All'inizio del '900 il liberalismo borghese, il socialismo popolare e il movimento
cattolico continuano a concepire l'obbligo scolastico come occasione per "assicurare il minimo di istruzione a tutti".
Agli albori del XX secolo la situazione scolastica italiana si presenta in ritardo
rispetto al resto del vecchio continente:
- nel
1901 gli analfabeti rappresentano il 48,5% della popolazione;
- solo il Portogallo, l'Ungheria e la Russia spendono per
l'istruzione meno dello Stato italiano.
Intanto, la durata dell'istruzione
obbligatoria viene:
- limitata ai primi
due anni di scuola elementare secondo la legge
Casati del 1859;
- estesa a tre anni dalla legge Coppino nel
1877, che prescrive ai Comuni l'apertura di scuole serali e di scuole festive per i
fanciulli
Sono anni in cui l'economia italiana è ancora prevalentente rurale e, nei centri
urbani, il ceto operaio deve fare i conti con bassi salari.

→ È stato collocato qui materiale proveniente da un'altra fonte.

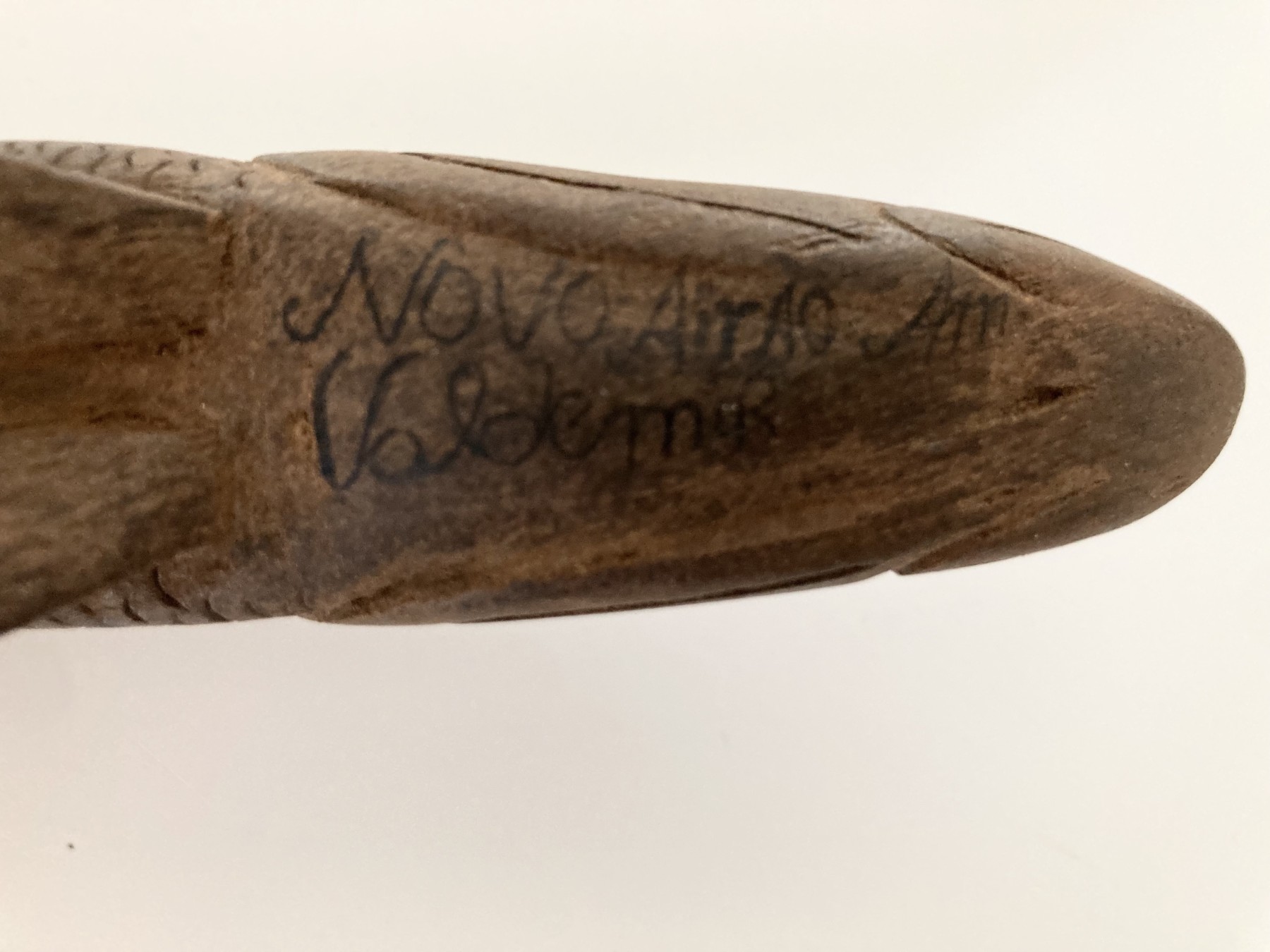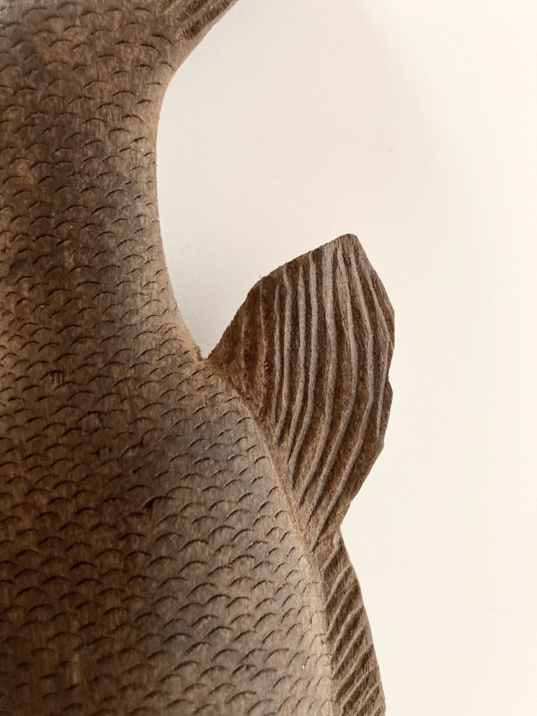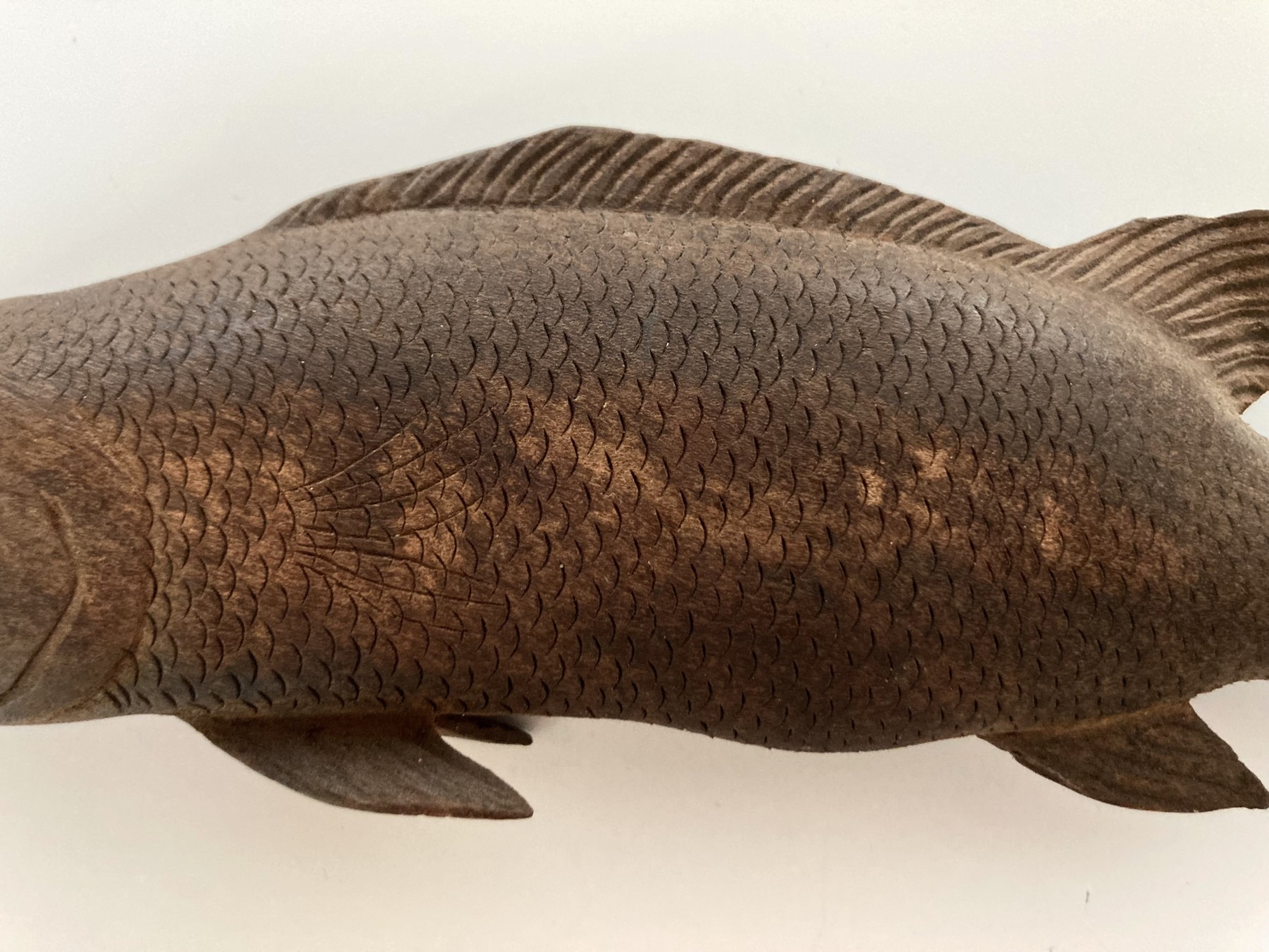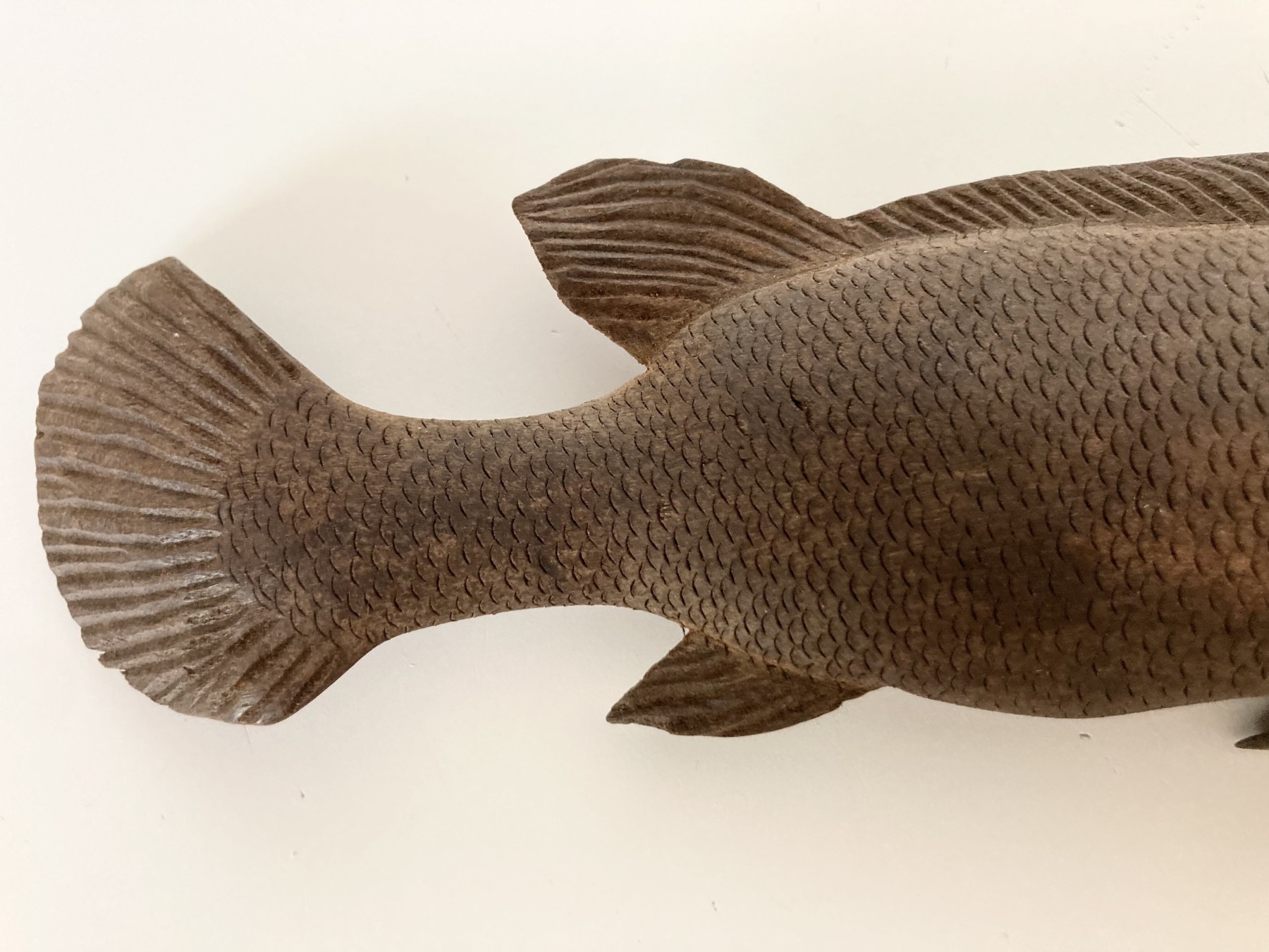A finely crafted Wood Fish Sculpture with fine detail. Deftly carved in a dark and deep Walnut tone wood, there are hundreds of individual scales and the attention to detail is fine. Possibly Russian in origin with a presumed town name written under the jaw.
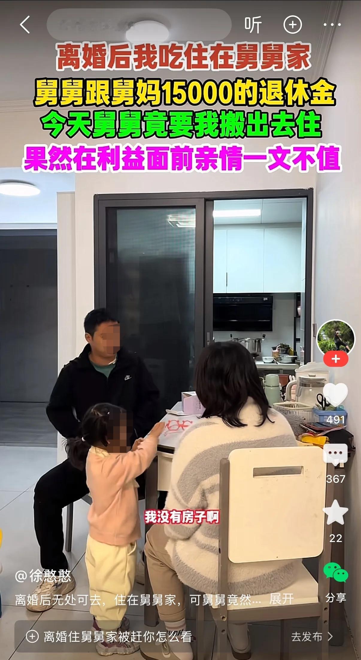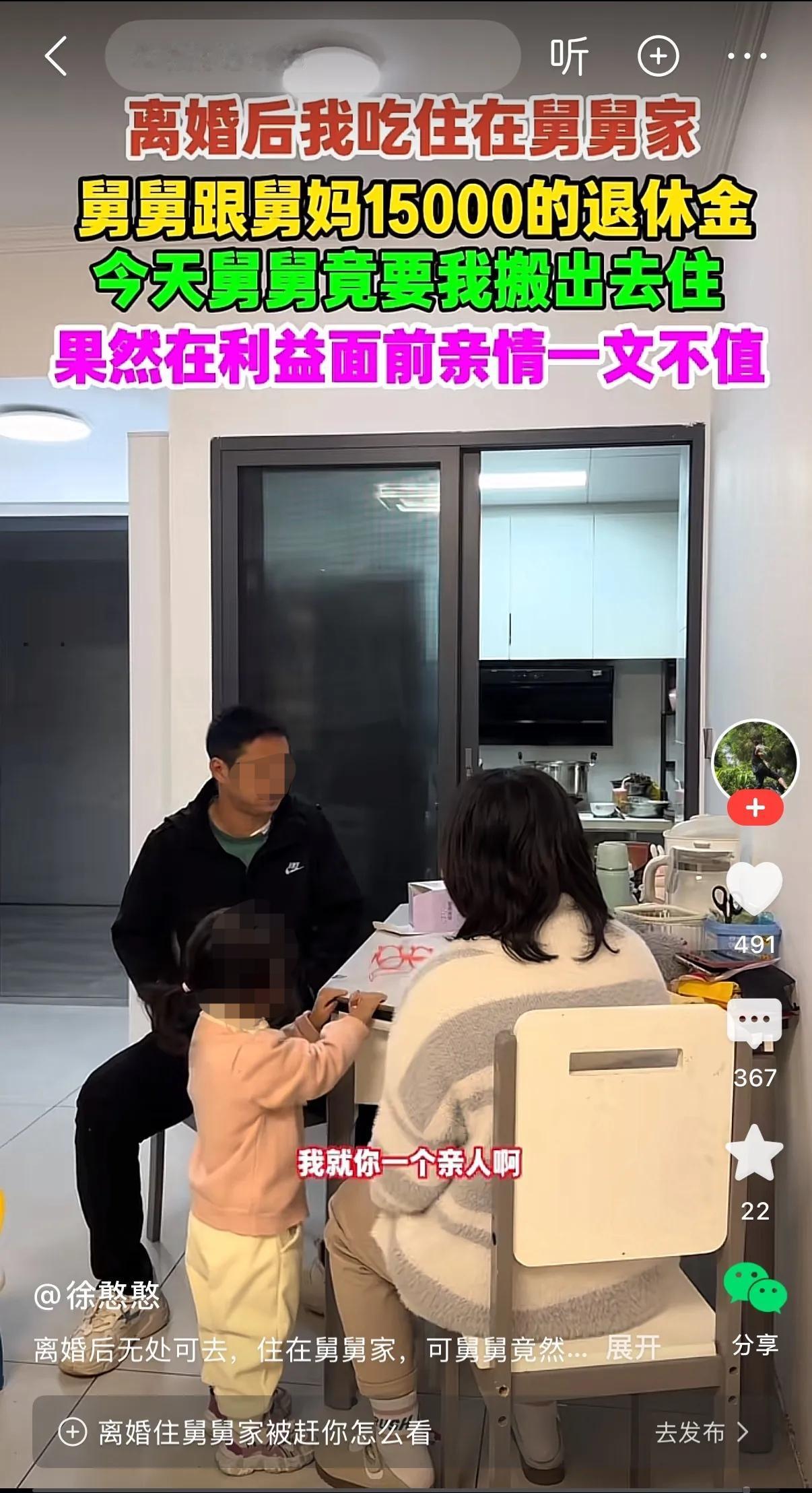 别拿道德绑架亲情,这就叫倒打一耙! 女子离婚后带着孩子一直住在舅舅家,这一住就是

L'esigenza di impegnare i figli nei lavori agricoli e domestici, conduce molte famiglie a
ritenere la scuola un "lusso", nonostante che nel 1886 una legge vietasse il
lavoro minorile fino al nono anno d'età, fino al decimo nelle miniere e durante le ore
notturne.
Per quanto riguarda la prosecuzione degli studi dopo
l'istruzione di base, agli inizi del XX secolo nella scuola c'è una tripartizione
sociale e formativa:
- classica per la classe dirigente;
- tecnica per il ceto piccolo-borghese;
- professionale per i lavoratori.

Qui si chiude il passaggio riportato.